Despite all the efforts to date, the reasons for transsexualism, for crossdressing, for male homosexuality and lesbianism are not known. The evidence, despite those on both sides of the issue who claim a preponderance of data support them, is equivocal, and is likely to remain so. Building a case for our rights based on this shaky tower of reasoning leaves us in the wind, vulnerable to the next study; if it doesn’t support a biological reason for our differentness, our house of cards will collapse. If a favorable study appears, we can begin to reassemble our cards, but it won’t be long before they are toppled again.

Attempts to justify ourselves to others based on unconvincing biological or psychosocial data will ultimately not serve our common purpose—gaining human and civil rights. If we build a house on the sand, it will not stand. If we build it on rock—and here I am arguing that we must build our rights on the assertion that we are as we are because we are the way we are and causality is of no importance whatsoever—it will make for lasting change.

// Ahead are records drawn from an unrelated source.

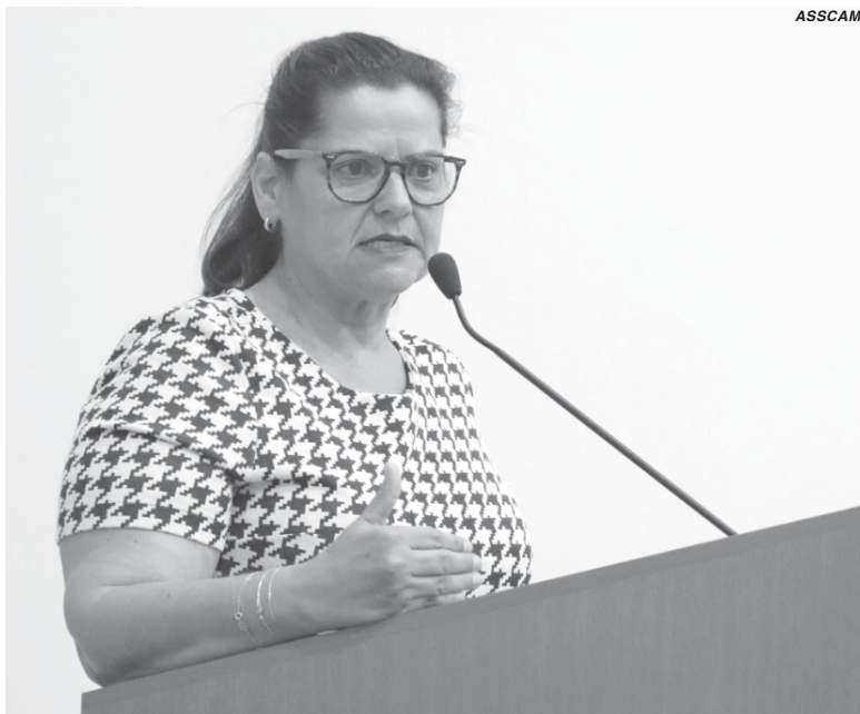
Mãe chorou na tribuna ao relatar que não sabe o que fará no próximo ano com as creches em período parcial

Scarano destacou que jamais falou em quantidade de empregos que a empresa geraria, mas do ICMS - cerca de R$ 60 milhões. Sobre as isenções, a secretária afirmou que não entendeu o pedido, já que o único imposto que a empresa pagaria seria o ICMS, que é um tributo estadual e ITR, que é federal cobrado de imóveis rurais. Ela frisou que não seria cobrado nenhum imposto municipal da empresa a não ser o
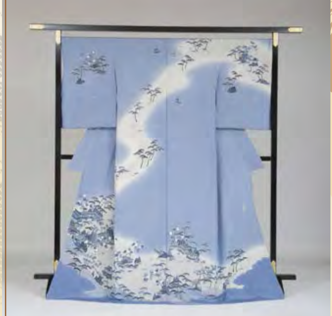
草木友禅 田村哲彦 「泰平楽日」
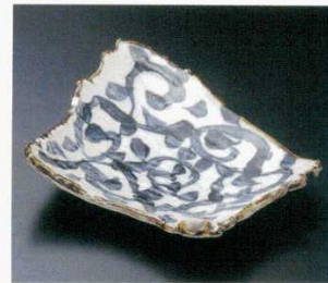
21504-294 たご唐草変型長皿(小) 2,600円 40入 (23.5×9×5cm)
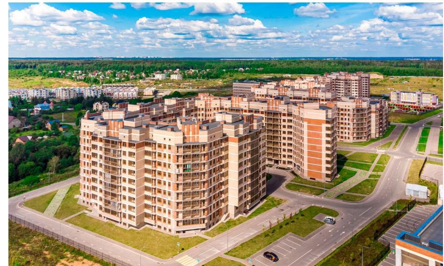
Корпус ЖК: Корпус 6 Квартал сдачи: 4
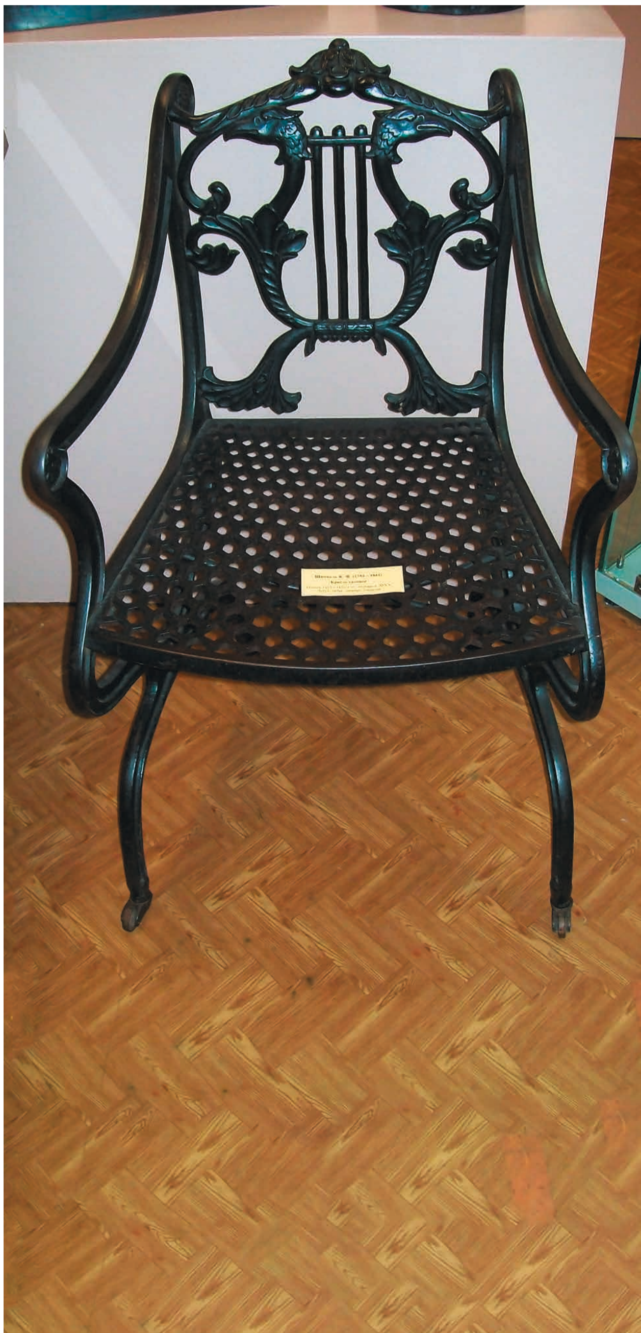
К.-Ф.Шинкель. Кресло садовое в стиле классицизма. Отливка кон. XIX в. Чугун. 88x55x55 см. Каслинский историко-художественный музей.

– Ваш музей уникальный, единственный в России?
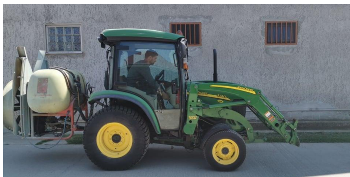
Slika 2 Voćarski traktor John Deere 007 3720

Gospodarstvo posjeduje mali voćarski traktor John Deere 007 3720, stroj za okopavanje sadnica, prskalica Tolmet 1000 L, Felco baterijske škare, voćarska platforma, malčer, meteo stanicu. U sklopu voćnjaka OPG također posjeduje i montažnu kućicu od metalnih panela u kojoj se nalaze dvije prostorije, u jednoj glavni sustav za navodnjavanje i izvodi, a u drugoj ormare u koje se skladište sredstva za zaštitu bilja.
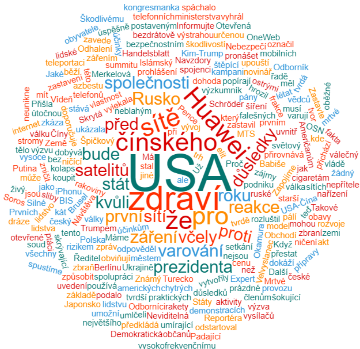
Obrázek 7: Wordcloud sestavený z titulků zkoumaných 31 článků
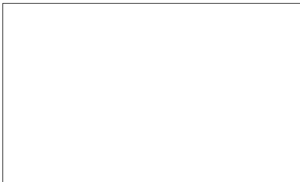
Graf 3: Podíl občanů, kteří vědí o existenci preventivních aktivit ve městě (dle názoru manažera prevence)

Každý pátý respondent se domnívá, že o přítomnosti nějakých preventivních snah ve městě ví méně než čtvrtina občanů; třetina respondentů má za to, že je to asi čtvrtina až polovina občanů. Téměř polovina dotázaných je velmi optimistická a soudí, že propagace preventivních akcí byla natolik účinná, že zasáhla 50 – 90% populace města.
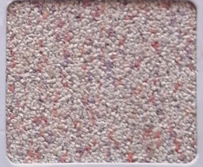
Code No 354
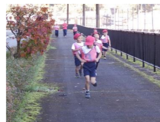
1. 5 km

好天の中、マラソン大会が行われました。子ども達は、学年や個人の体力に合わせ、1.5km・2.4km・3.2kmの3コースを選び走りました。曾爾のきれいな景色の中を最後まで頑張って走りました。最後に、3つのコースの男女別の1位の人に保健スポーツ委員会から表彰状が渡されました。保護者の方のたくさんの応援ありがとうございました。
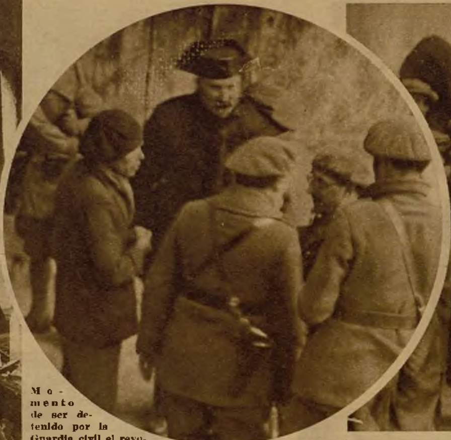
Momento de ser detenido por la Guardia civil el revolucionario que arrojó bombas sobre la fuerza en el pueblo de Berga.
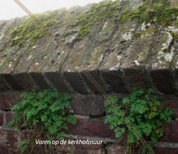
Varen op de kerkhofmuur
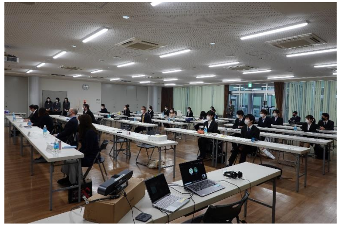
会場の様子 オンライン配信も実施
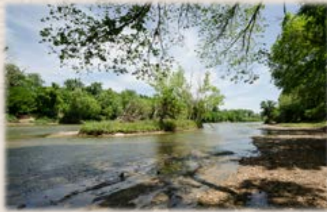
Colorado River Río Colorado

Vast open skies. Swollen streams and great rivers. Lush rolling hills and deep forests. Dark swamps and hot deserts. This varied and expansive landscape was home to American Indians for hundreds of years. The land offered no apparent riches, but Spain was intent on protecting its territory from France. Spaniards claimed this land and named it Tejas for the Caddo word meaning friend. Missionaries and soldiers traveled time-worn routes, built missions and presidios (military posts), and opened a camino real (royal road), a vital artery across the heart of the land. El Camino Real de los Tejas brought change—exploration, trade, migration, settlement, war, independence, and statehood. It fostered cultural interactions and created a distinctive mosaic of language and lifeways.
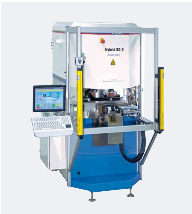
HYBRID 90-2 avec l'option barrière immatérielle Contacteur
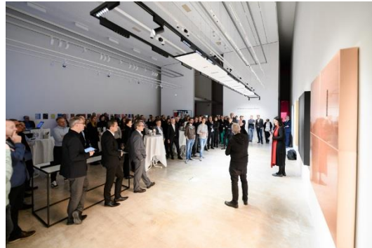
Bild 3: Anlässlich der Vorstellung der SUPERSYSTEM integral collection lud Zumtobel an einem zweiten Abend auch ins Zumtobel Lichtforum Dornbirn.
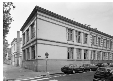
Ecoles primaires : élévation sud et vue partielle de l'élévation Est
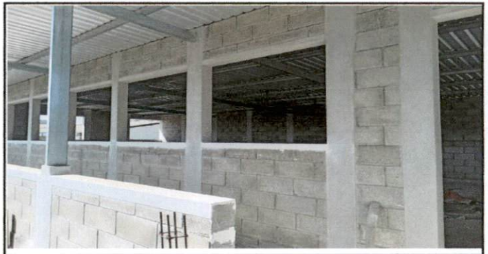
Foto 6: Colocación de Ventanas en el segundo nivel y primer nivel del establecimiento educativo.

Observación: Si es necesario se pueden agregar hojas adicionales y actualizar el número de hojas.

In the last issue of Tapestry I  wrote about my experience in dealing with thousands of MTF transsexuals and other MTF gender-variant people, myself included, I mentioned that I have observed a number of psychological traits in MTFs that are rare in women, but common in men. Such sex differences are, of course, an area of hot debate in psychology. We could argue about this in these pages for years—but whether we have male or female brains isn’t the real issue. The real issue, and the reason I threw out the gauntlet in Tapestry #107, is that we must rid ourselves of the need to justify ourselves by claiming something “made us do it.” I will leave it to each individual’s conscience to determine how much of their own self-image is rooted in shame, and I will say once again that basing our identities on any form of pathology is shaky ground on which to organize for political change.